Question 9

I was home for the weekend, eating dinner in the kitchen and talking to my mom about my week at school. It was last month, when the government made every effort to urge people to fill out the 2010 Census. So after seeing one of those TV census commercials, my mom told me she filled out every question of the famous survey. I felt very proud of her since I thought she would have difficulty understanding the questions—not that she can’t read or anything, but you know how complicated things can get with politics and the government. While thinking what a good job my mom had done, she then said, “but I still need to answer one more question.”  With a question mark in her face, my mom asked, “¿mija, que somos?”

I found it interesting, or better yet, annoying and irritating, to see that race and Hispanic origin are separated into different categories.  Not only do we have to decide if we are of Hispanic, Latino, or Spanish origin, but we are asked again to classify our race.

Allow me to problematize these questions. First of all, Latino, although it sounds nice and even exotic, is a term used exclusively for people who come from Spanish speaking countries south of the border. But doesn’t Europe have Latinos too? After all, Italians, French, Romanians, etc. are also of Latin origin.  Secondly, one can come from a Spanish speaking country but not be of Hispanic/Latin heritage. Most countries have Indigenous communities that are secluded or excluded from the greater city life and have to learn Spanish as a second language.

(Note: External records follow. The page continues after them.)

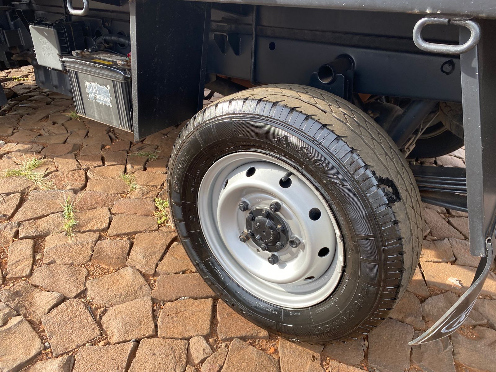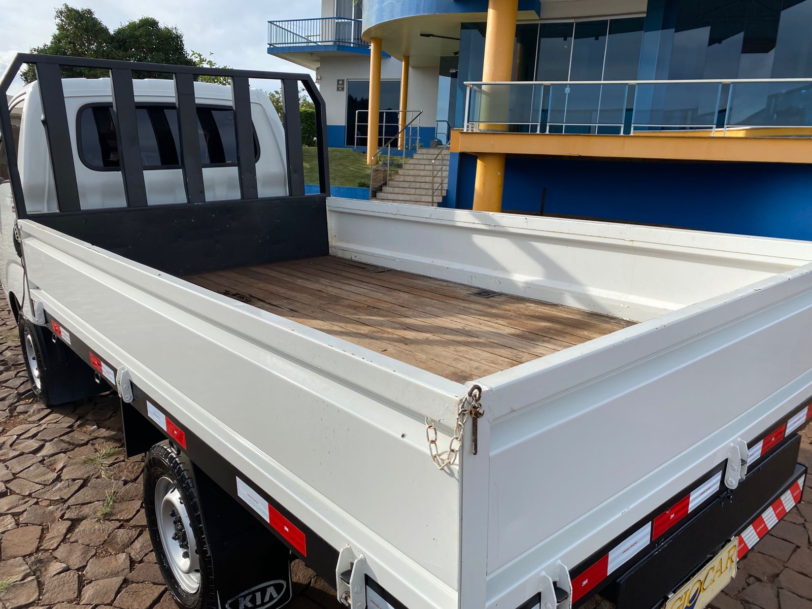 - Equipada com carroceria baixa de estrutura de ferro e tampas de ferro com assoalho de madeira nas medida:
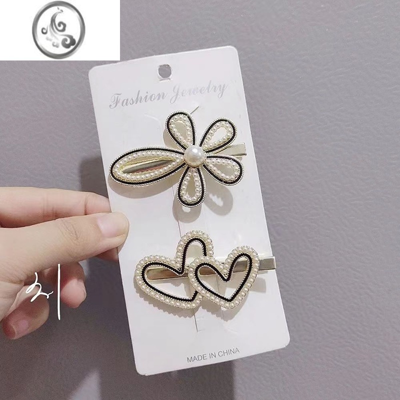 JiMi发夹边夹珍珠发卡刘海夹碎发夹子侧夹简约百搭少女气质蝴蝶结头饰 组合3#珍珠发夹2件套
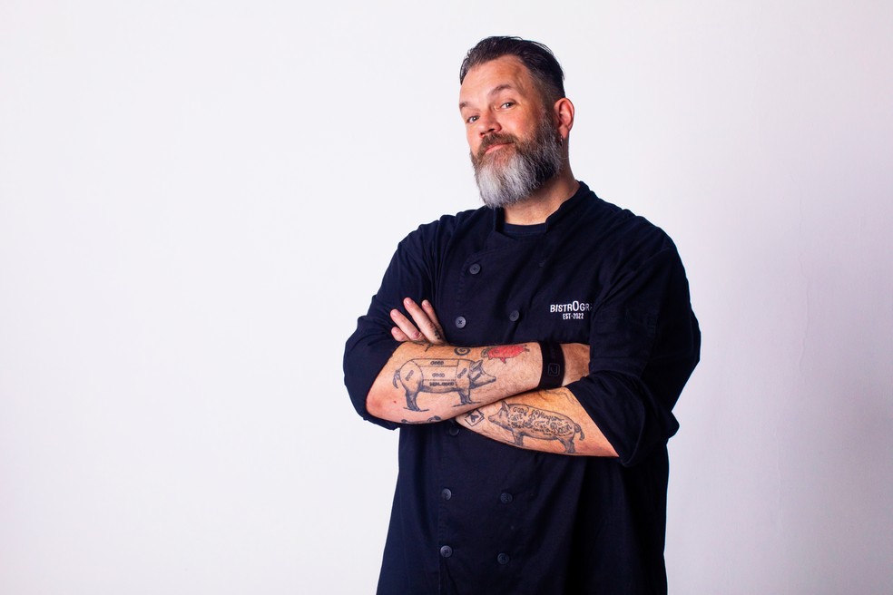 Jimmy Ogro vai ensinar a receita do porc au vin,versão do coq au vin feita com mignon de porco — Foto: Divulgação/Beto Roma
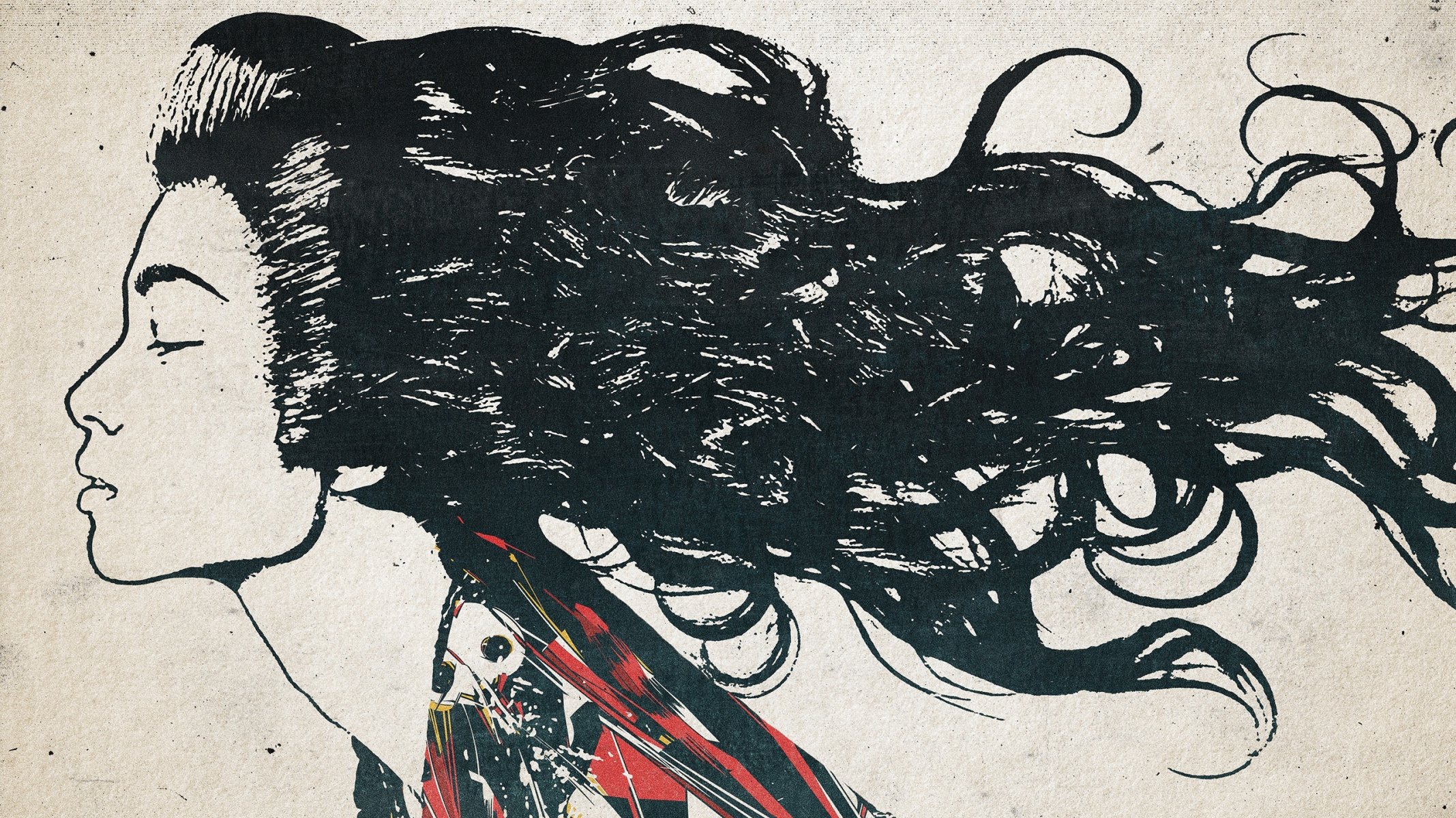 Stylish girl in flight with cranes (origami)
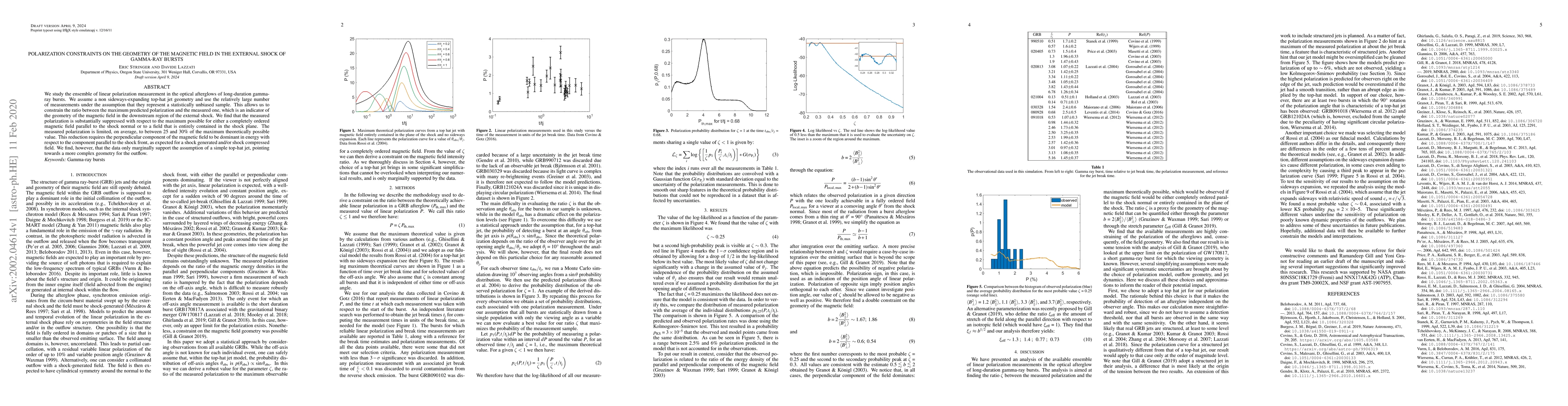 We study the ensemble of linear polarization measurement in the optical afterglows of long-duration gamma-ray bursts. We assume a non sideways-expanding top-hat jet geometry and use the relatively large number of measurements under the assumption that they represent a statistically unbiased sample. This allows us to constrain the ratio between the maximum predicted polarization and the measured one, which is an indicator of the geometry of the magnetic field in the downstream region of the external shock. We find that the measured polarization is substantially suppressed with respect to the maximum possible for either a completely ordered magnetic field parallel to the shock normal or to a field that is entirely contained in the shock plane. The measured polarization is limited, on average, to between 25 and 30% of the maximum theoretically possible value. This reduction requires the perpendicular component of the magnetic field to be dominant in energy with respect to the component parallel to the shock front, as expected for a shock generated and/or shock compressed field. We find, however, that the data only marginally support the assumption of a simple top-hat jet, pointing towards a more complex geometry for the outflow.

The census also left me in awe whe I saw Chinese, Filipino, Japanese, Korean, Vietnamese, listed as races next to white and black. So I ask: do they want to know our country of origin or our skin color?  Maybe the answer is both. Thus I find that the last option for question nine, “some other race”, is the most pertinent option. In my opinion, there should only be one racial/ethnic question next time, that way people can have the liberty to write in answers that they consider most appropriate to define themselves and are not limited to imposed options.

Time magazine reports that in the 2000 Census, more than 40% of Hispanics did not register as white or black but rather as “other.” Angelo Falcón, the National Institute for Latino Policy in New York City president and census community adviser told Time that “a lot of Hispanics find the black-white option offensive, and they’re asserting their own racial uniqueness.”  As for me, I consider myself, and most of my paisanos mestizos.

So after analyzing all these discrepancies and incongruities (which are not only applicable to Hispanics/Latinos), I laugh at myself for telling my mom we are white; I should have said what I really believe we are, mestizos.